To test if the observed phenotype was caused by the failure to form disulfide bonds, we again turned to alkylation. Harvested DT was suspended in buffer with or without DTT, treated with Mal-PEG, and detected by Western blotting. DT obtained from wild-type cells showed no change in protein migration unless the sample was first treated with reducing DTT (Fig. 4D; first four lanes), indicating that secreted DT is oxidized.
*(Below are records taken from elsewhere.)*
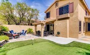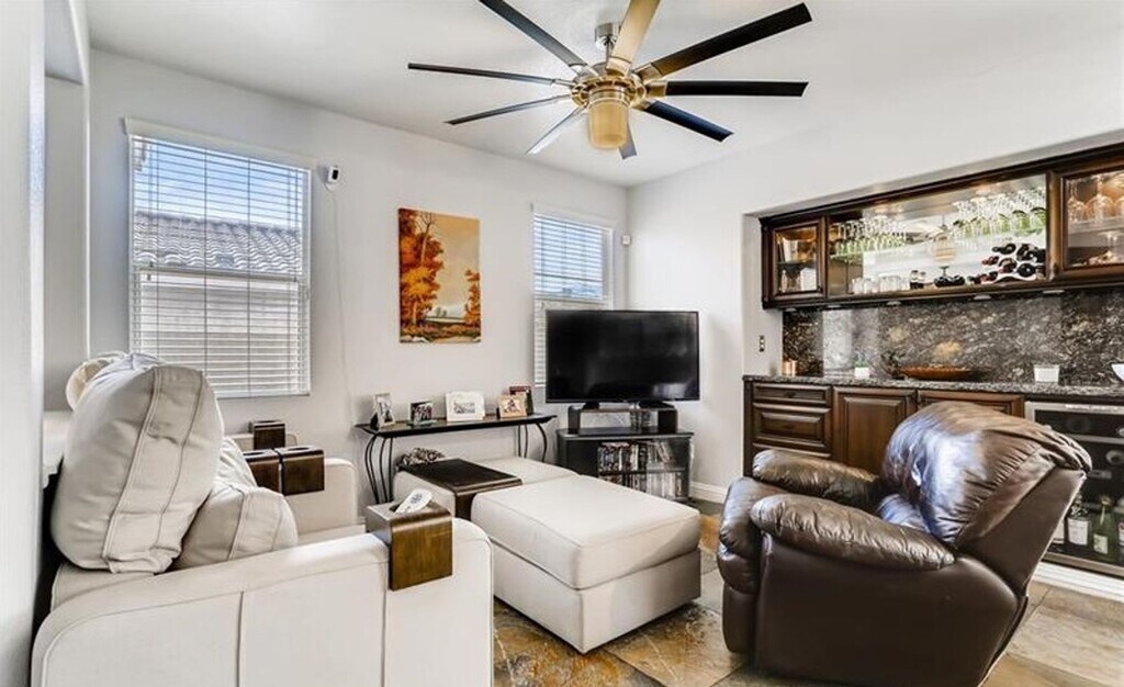 Rent the dream in beautiful Summerlin! This home has been highly upgraded with granite countertops, with a remodeled chef's eat-in kitchen with the newer appliance. The living area has a built-in bar area with a wine fridge. These unique floor slate tiles & wooden flooring are throughout this home, with modern ceiling fans! With 3 bedrooms, 1 primary bedroom with a spacious romantic bathroom and a walk-in closet, 3 remodeled bathrooms, an office, and 3 car garages with one of the garage sides having a room built in which makes it a 2 car garage. You'll also be able to enjoy a very private, landscaped backyard as well, ideal for entering. It is close to school, shopping and 215, etc. This home is MOVE-IN ready! Hurry this won’t last, Call me today to see it.
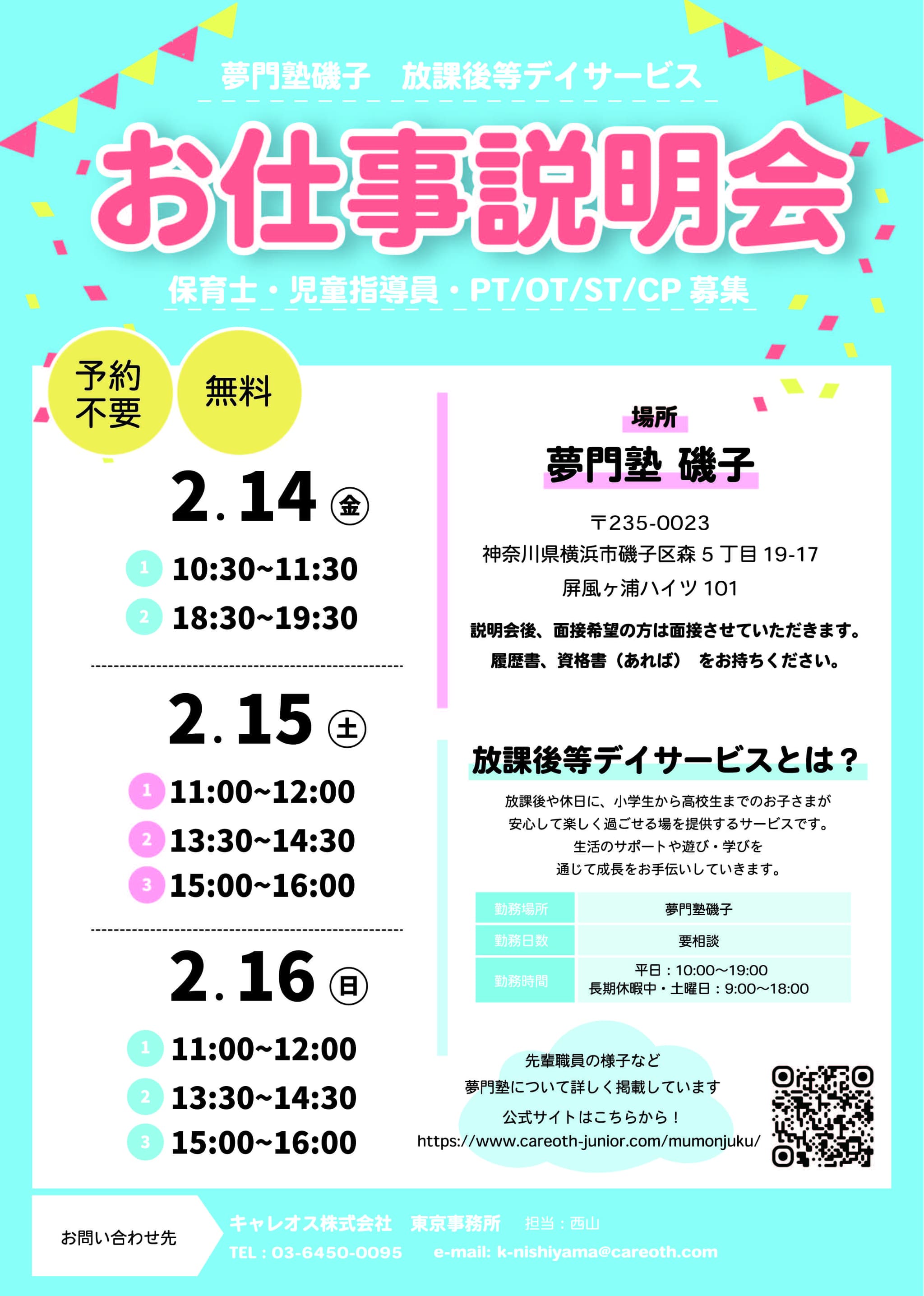 放課後等デイサービス 夢門塾磯子 お仕事説明会を開催します。予約不要、無料です。無資格の方もお気軽にご相談ください。
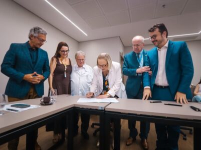 Acompanhada pelo secretário-chefe da Casa Civil, Artur Lemos, a secretária da Saúde, Arita Bergmann, anunciou novos investimentos estaduais destinados à Santa Casa de Misericórdia de Porto Alegre para qualificar a assistência materno-infantil e ampliar o acesso a tecnologias avançadas.
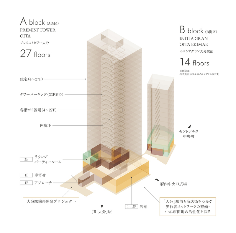 「プレミストタワー大分」は、大分県大分市末広町一丁目地区における再開発事業「大分駅前再開発プロジェクト」の区域内で進められている地上27階建てのタワーマンションで、高さ約98メートルは大分県内で最高層となる。
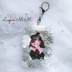 【チェキケース】グレー×クリア ホイップデコ 硬質チェキケース フォト キーホルダー バッグチャーム リボン 花 カード ケース
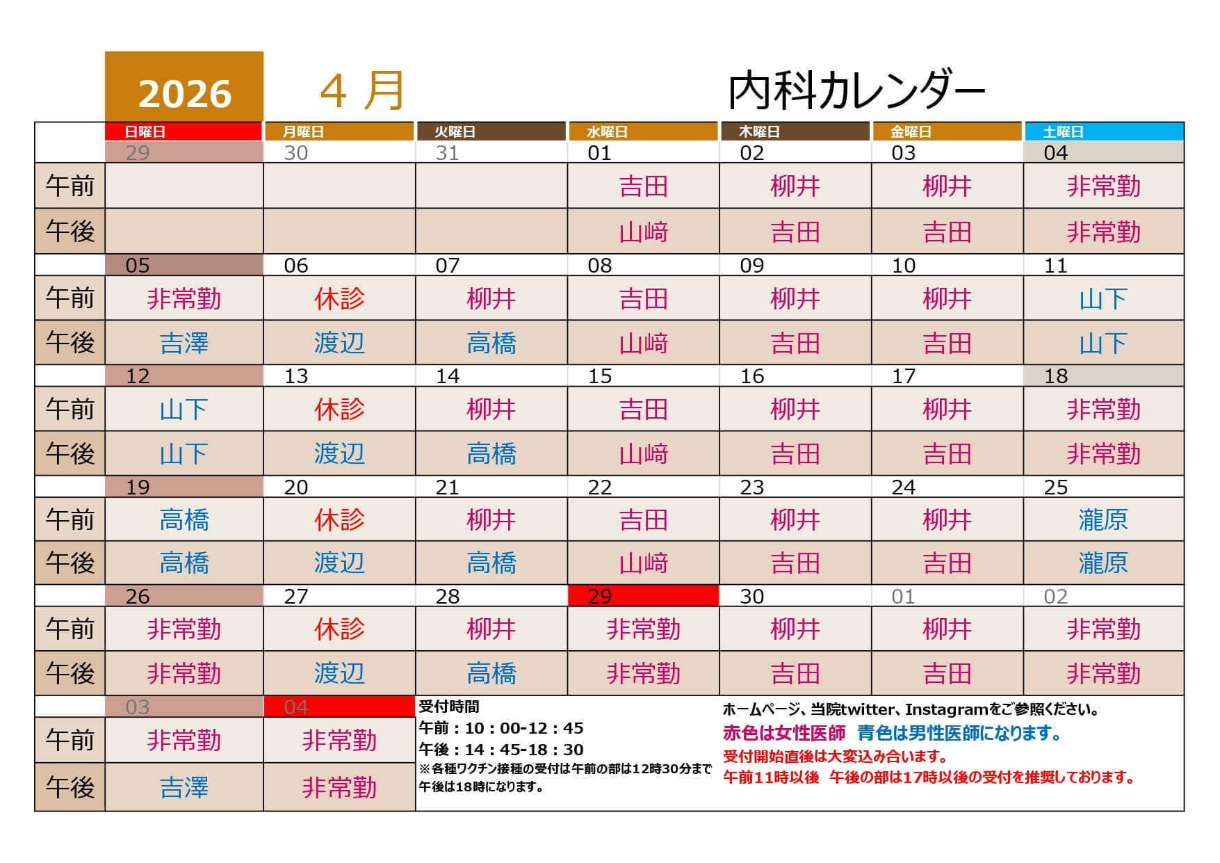 | 内科 | 月 | 火 | 水 | 木 | 金 | 土 | 日 |
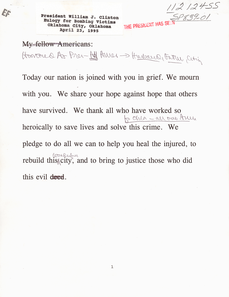 On the morning of April 19, 1995, former Army soldier and security guard Timothy McVeigh parked a Ryder truck with a homemade bomb in front of the building. McVeigh and his accomplice, former soldier Terry Nichols, had been radicalized by anti-government ideology. At 9:02 am, the bomb exploded. It destroyed a third of the structure and damaged up to 300 nearby buildings. A total of 168 people, including 19 children in the on-site daycare center, died in what remains the worst act of domestic terrorism in American history. In 1997, a jury convicted McVeigh and sentenced him to death. He died by lethal injection in 2001. Nichols was found guilty on conspiracy and manslaughter charges. In 2004, the state of Oklahoma convicted him on first degree murder charges and sentenced him to life in prison. A third individual, Michael Fortier, had known of the plan and failed to warn authorities. In exchange for his testimony, he was sentenced to 12 years in prison. The following collections contain records on the Oklahoma City bombing: View Gallery Oklahoma City Memorial and President Bill Clinton Related Archival Collections 2006-0326-F: This collection consists of correspondence between President Clinton and family members of the bomb victims, proclamations, a FEMA briefing book, memoranda, speeches, and schedules. Records of note include background material pertaining to militias and extremists, an outline of Presidential actions against crime and terrorism, and a survey attempting to define the perception Americans have of government security measures. View digitized records from 2006-0326-F 2006-1164-F Segment 2: This is the second segment of a collection consisting of records dealing with terrorist attacks during the Clinton Administration and the counterterrorism policies put in place in response to those attacks. The collection contains records from the files of the staff of the Transnational Threats Directorate in the National Security Council and includes memoranda, briefing papers, reports, notes, cables, emails, correspondence, and press material. Topics addressed include legislation, preparedness reports, aviation security, Presidential Decision Directives (PDDS) 39 and 62, and the investigations of the Oklahoma City bombing, the Riyadh bombing, the Khobar Towers bombing, the U.S.S. Cole bombing, and abductions of westerners. This collection has not yet been digitized. View the Collection Finding Aid 2011-0463-F: This collection consists of video recordings of President Clinton and Hillary Rodham Clinton greeting officials and being briefed by local law enforcement, emergency rescue personnel, and firemen at the State Fairgrounds Arena holding area in Oklahoma City, OK on April 23, 1995. The video recording also contains footage of the Clintons greeting and speaking to families of United States Secret Service officers who perished during the bombing. The first page of President Bill Clinton's eulogy for the bombing victims in Oklahoma City. The speech includes President Clinton's handwritten notes and last minute changes. Records of the White House Office of Records Management. Series: Subject Files on Speeches. 112124SS. View in the National Archives Catalog The first page of President Bill Clinton's eulogy for the bombing victims in Oklahoma City. The speech includes President Clinton's handwritten notes and last minute changes. Records of the White House Office of Records Management. Series: Subject Files on Speeches. 112124SS. 2019-0161-F: This collection contains photographs from the White House Photograph Office (WHPO) of memorial services and events relating to the Oklahoma City Bombing and the Columbine School Shooting. The Oklahoma City Bombing related material includes an event on April 5th, 1996 of President William Jefferson Clinton and First Lady Hillary Rodham Clinton visiting the former site of the Alfred P. Murrah Federal Building where they lay a plaque and deliver remarks, and an event on April 19th, 2000, of President William Jefferson Clinton delivering remarks at the Oklahoma City Memorial. The Columbine School Shooting related material is of an event on May 20th, 1999 of President William Jefferson Clinton and First Lady Hillary Rodham Clinton attending a memorial service for the Columbine High School community in Littleton, Colorado.
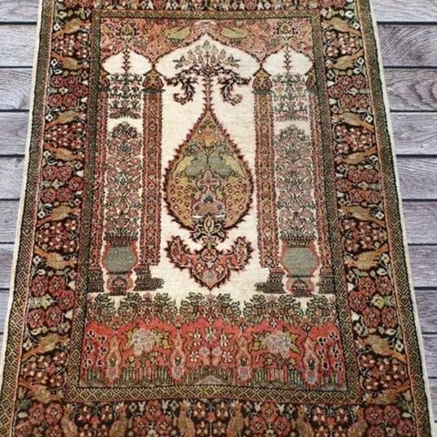 Tæppet ser ud som nyt. Det har en silkeagtig tekstur og er vidunderligt at se på og røre ved.
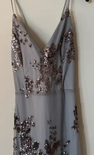 Stunning gray dress with floral sequin design. Perfect for prom or special events. Features a flatte... Show more
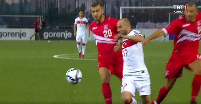 Ay-Yıldızlılar, Victoria Stadyumu'nda oynanan maçın henüz 2. dakikasında penaltı kazandı. Maçın hakemi Kristo Tohver, Efecan Karaca'nın Cebelitarık ceza sahasında yer kaldığı pozisyon sonrası yardımcının uyarısıyla penaltı noktasını gösterdi.
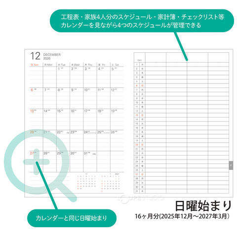 レイメイ スケジュール帳 ノート 2026年 1月始まり 2025年12月 システムノートダイアリー マンスリー ビジネス手帳 持ち歩き Raymay 24システムノートダイアリー 4プラン日曜始まりB6スペック
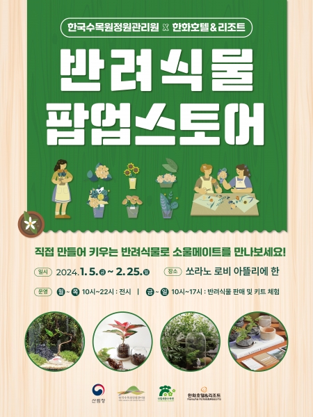 [AANEWS] 한국수목원정원관리원은 오는 2월 25일까지 한화호텔앤드리조트 설악 쏘라노에서 반려식물 팝업스토어를 운영한다.
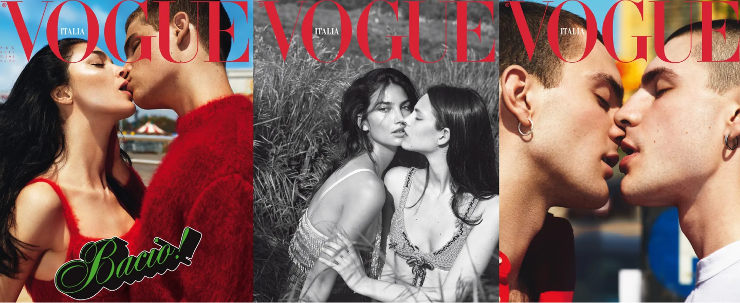 Il numero di settembre 2017 di Vogue Italia, per la prima volta interamente dedicato al nostro Paese, ha come protagonista la top model Maricarla Boscono e una cover speciale dedicata ai baci etero e gay. La prima delle copertine, dedicata al tema del bacio, vuole essere una presa di posizione contro ogni forma di discriminazione di genere; raffigura infatti tre diverse coppie nell’atto di scambiarsi effusioni: eterosessuale (dove compaiono Mariacarla Boscono con il modello italiano Federico Spinas) e omosessuale: quelli delle modelle Lily Aldridge e Vittoria Ceretti, e dei modelli Pablo Rousson e Edoardo Velickskov.
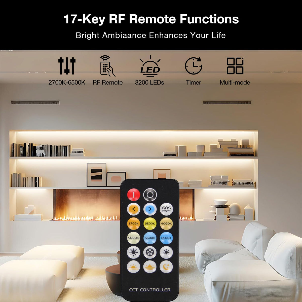 Q: Can I control the brightness and color temperature of the LED strip?A: Yes, the DAYBETTER COB LED Strip Light comes with an upgraded RF remote control that allows you to adjust the brightness and switch between different color temperatures easily. You can also set timers, choose dynamic functions, and save your preferred settings with the memory function.
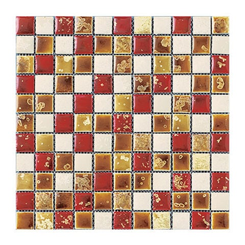 釉薬の発色がまるで着物の柄のような結晶が特徴の陶器製モザイク。
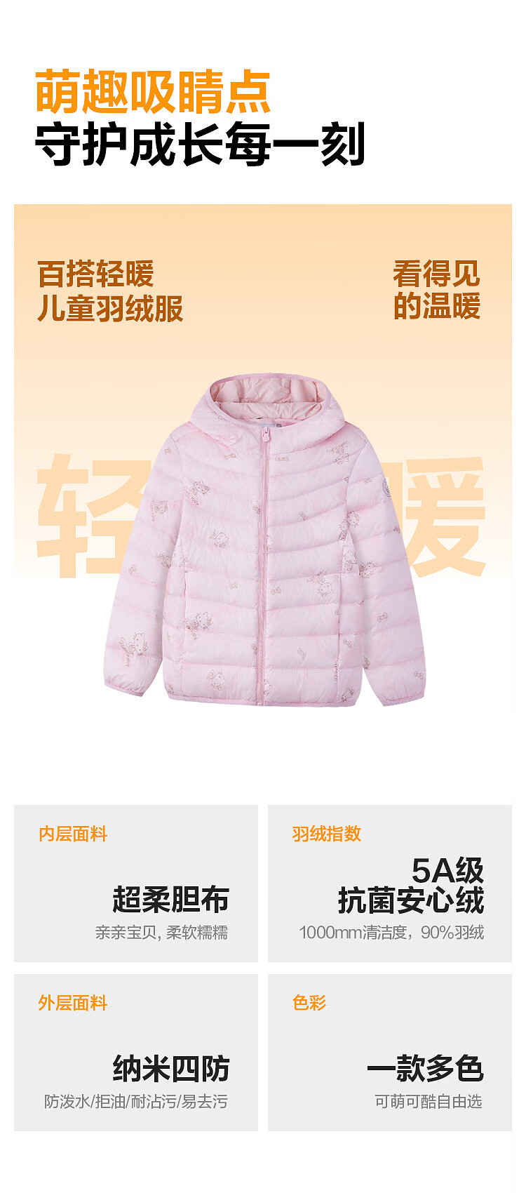 波司登26春季男女童轻薄羽绒服时尚百搭立领连帽四防外套T260135540
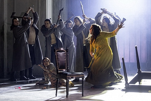 Großartig gelingt das – abgesehen vom Finale – in der Erkennungsszene der Geschwister sowie in der langen Begegnung von Mutter und Tochter, Klytämnestra und Elektra, den Kernstücken des Werks. Insbesondere in diesen beiden Schlüsselszenen präsentiert Asszonyi ihre Kompetenz in der Bewältigung fordernder Partien im hochdramatischen Fach. Ihr ausgereifter Sopran bewegt sich souverän zwischen den dunklen Gefilden wie den lyrischen Höhen dieser monströsen Seelenlandschaft. Nicole Piccolomini ist im goldschimmernden Paillettenkostüm als Klytämnestra gewiss die zutiefst verdorbene femme fatale mit schneidendem Mezzo auf dem Thron der Verbrecherclique. Gänzlich ohne Format und Würde mag aber Lübbe diese Erscheinung nicht zeigen. Respekt und Wärme eignet er erst recht Manuela Uhl als Chrysothemis zu, der Schwester und weiblichen Gegenspielerin Elektras. Es gehört zu den außerordentlich anrührenden Sequenzen dieser Aufführung, wie sie in diesem Inferno für ihr Recht auf eine selbstbestimme Existenz kämpft. Wie sie Elektra um Menschlichkeit anbettelt, wo der Hass alles Menschliche erstickt: Hab Mitleid mit dir selbst und mit mir. An diesem Abend der starken Frauen, machen auch das Quintett der Mägde sowie der Chor und die Statisterie des Theaters Bonn bella figura.
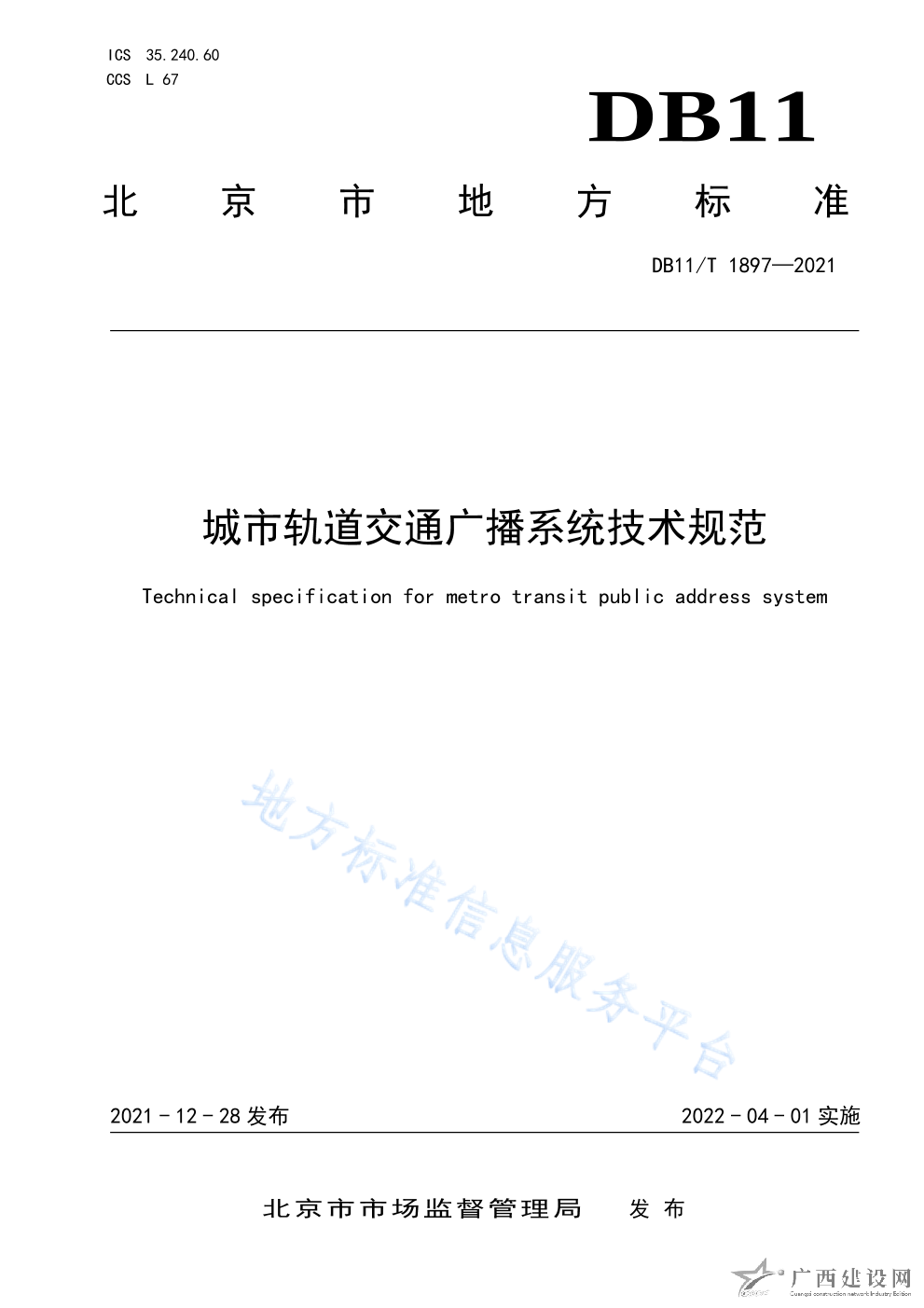 DB11 T+1897-2021城市軌道交通廣播系統技術規范

However, DT released by the ΔmdbA mutant was readily modified by Mal-PEG, demonstrating that it was released with reduced Cys residues (Fig. 4D, last two lanes). Note that the level of secreted DT in the ΔmdbA mutant was significantly reduced, consistent with the observation in Fig. 4C that DT is more susceptible to degradation when mdbA is absent.

The failure of the ΔmdbA mutant to form disulfide bonds in DT was also shown by examining the N-terminal disulfide bond that connects theAand B domains (Fig. 4E). Harvested DT was treated with furin, a protein that cleaves an Arg-XX-Arg motif between the A and B domains. Upon cleavage, the A and B domains are linked by a single disulfide linkage in the N-terminus. Following furin treatment, the samples were incubated with the reducing agent β-mercaptoethanol (BME) to separate the domains. In the sample obtained from wild-type cells, release of the A domain was detected only after BME treatment with BME. However, the release of the A domain in the sample obtained from ΔmdbA was detected immediately after furin cleavage, indicating that the disulfide bond between the domains was not formed. Expression of MdbA in the ΔmdbA mutant restored the wild-type pattern (Fig. 4E). Collectively, these results support the view that MdbA is required for disulfide bond formation within pilus and nonpilus virulence factors in C. diphtheriae.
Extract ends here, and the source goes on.